Self-Reported Major Mobility Disability and Mortality among Cancer Survivors

Justin C Brown 1, Michael O Harhay 2, Meera N Harhay 3
PMCID: PMC6113100  NIHMSID: NIHMS951466  PMID: 29550343

Abstract

Objective

To quantify the prevalence of self-reported major mobility disability (SR-MMD) and its association with mortality in a nationally-representative sample of cancer survivors.

Materials and Methods

This study included patients with a history of cancer who participated in the National Health and Nutrition Examination Survey 1999─2010. SR-MMD was defined as self-reported difficulty or inability to walk a quarter of a mile. Vital status through December 15, 2011 was ascertained from the United States National Center for Health Statistics. Multivariable-adjusted Cox regression models were used to quantify the hazard ratio (HR) and 95% confidence interval (CI) between SR-MMD and mortality.

Results

The study included 1,458 cancer survivors who averaged 67.1 years of age. At baseline, 201 (13.7%) participants had SR-MMD. During a median follow-up of 4.7 years, 434 (29.8%) participants died. SR-MMD was independently associated with a higher risk of all-cause mortality [Hazard Ratio (HR): 2.15 (95% Confidence Interval (CI): 1.56 2.97); P<0.001] and cancer-specific mortality [HR: 2.49 (95% CI: 1.53 4.07); P<0.001]. The association between SR-MMD and all-cause mortality was not modified by age, sex, time since cancer diagnosis, body mass index, or comorbid health conditions.

Conclusion

SR-MMD is an easily ascertainable metric of physical function that is associated with a higher risk of mortality among cancer survivors. Integrating measures of physical function may help to guide clinical decision-making and improve long-term prognostication in this population. Interventions that prevent the development of SR-MDD, such as physical activity, should be evaluated in this population.

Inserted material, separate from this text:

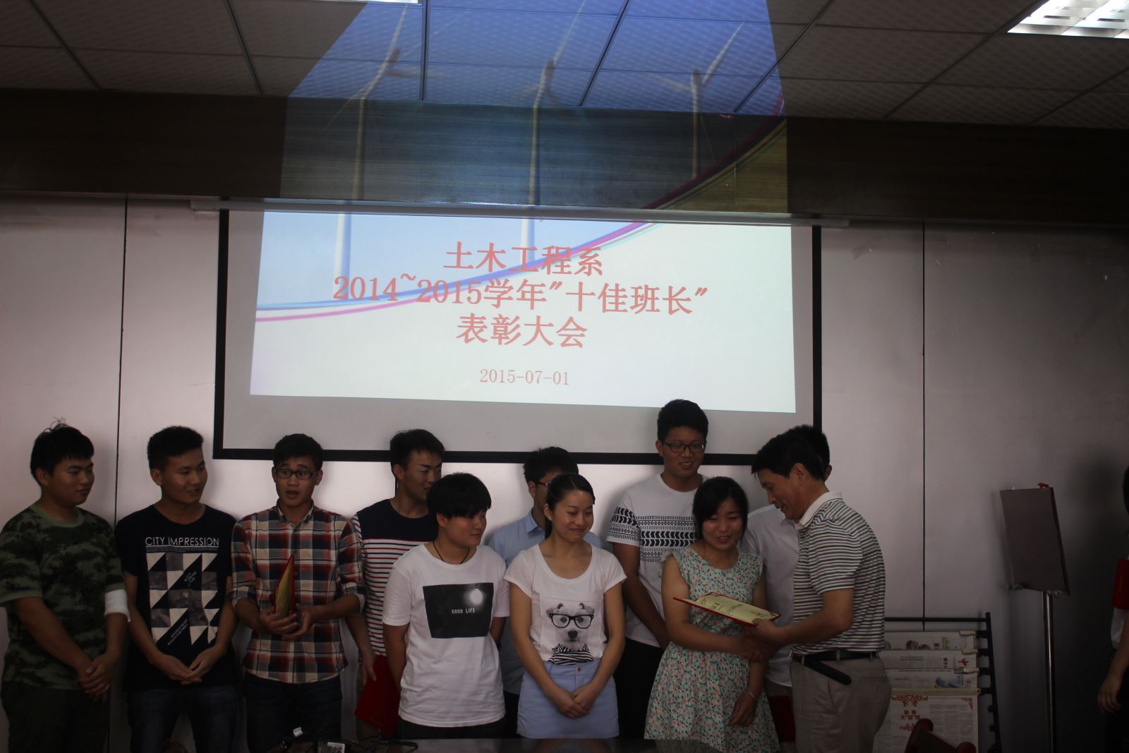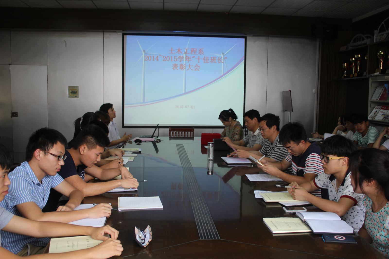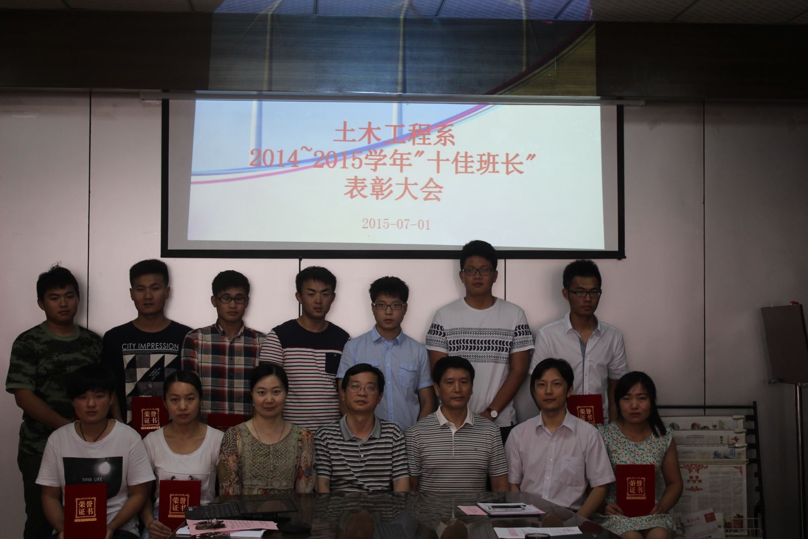 2015年7月1日下午四點半,土木工程系在會議室召開了2014-2015學年“十佳班長”表彰大會暨期末班長例會。系黨總支朱文勝書記、陶權副書記、系教學秘書郭強老師、系主任輔導員趙婧老師以及13、14級各班長參加了會議,會議由趙婧老師主持。

Keywords: Physical function, Ambulation, Patient reported outcome, Survival, Physical activity

INTRODUCTION

Physical function is an important determinant of health-related quality-of-life among cancer survivors.1 After a diagnosis of cancer, physical function deteriorates at an accelerated rate compared to that of age-matched cancer-free individuals.2 It is hypothesized that cancer and its treatments impair the cardiovascular, pulmonary, neurologic, and musculoskeletal systems that are required to sustain adequate physical function.3,4 Consequently, 57–66% of cancer survivors report at least one functional limitation, and many of these limitations persist for years after completing cancer treatment.57

The ability to walk 400 meters (m, approximately a quarter of a mile) is an objective measure of functional independence,8 and predicts the ability to safely ambulate in the community.9 Major mobility disability (MMD) is defined as the inability to walk 400 m without the use of a walker (use of a cane is acceptable).10 MMD is prognostic of several important outcomes in older adults, including all-cause mortality and incident cardiovascular disease.11 Despite the importance of objectively defined MMD, implementing the 400 m walk in practice may not be feasible given the need for a walking course of considerable length and dedicated staff time for in-person supervision.12 To circumvent this issue, self-reported difficulty or inability to walk a quarter of a mile was validated as a proxy for objectively defined MDD.13,14

Given the unique functional consequences of cancer and its treatments, and the validation of self-reported MDD (SR-MMD), this study aimed to achieve four objectives using a nationally-representative sample of cancer survivors. The first goal was to estimate the prevalence of SR-MMD among community-dwelling cancer survivors in the United States (US). Second, we sought to quantify the association between SR-MMD and all-cause and cancer-specific mortality. Third, we aimed to quantify the association between SR-MMD and all-cause mortality within specific subgroups. Our fourth and final goal was to assess whether there is evidence of a dose-response between self-reported degree of difficulty walking one quarter of a mile and all-cause and cancer-specific mortality.

MATERIALS and METHODS

Study Design

The National Health and Nutrition Examination Surveys (NHANES) are a series of consecutive cross-sectional studies designed to provide health information on a nationally-representative sample of non-institutionalized United States civilians. Participants reside in counties across the country, fifteen of which are visited annually. The current analysis used six consecutive cycles of NHANES data from 1999 to 2010. The study protocol was approved by the National Center for Health Statistics of the Centers for Disease Control and Prevention Institutional Review Board. All participants provided written informed consent prior to participating in any study related activities.

Study Participants

NHANES participants included were males and females, aged ≥21 years, with a self-reported history of cancer (excluding non-melanoma skin cancer). Participants were also required to have the requisite measure necessary to define SR-MMD (described below).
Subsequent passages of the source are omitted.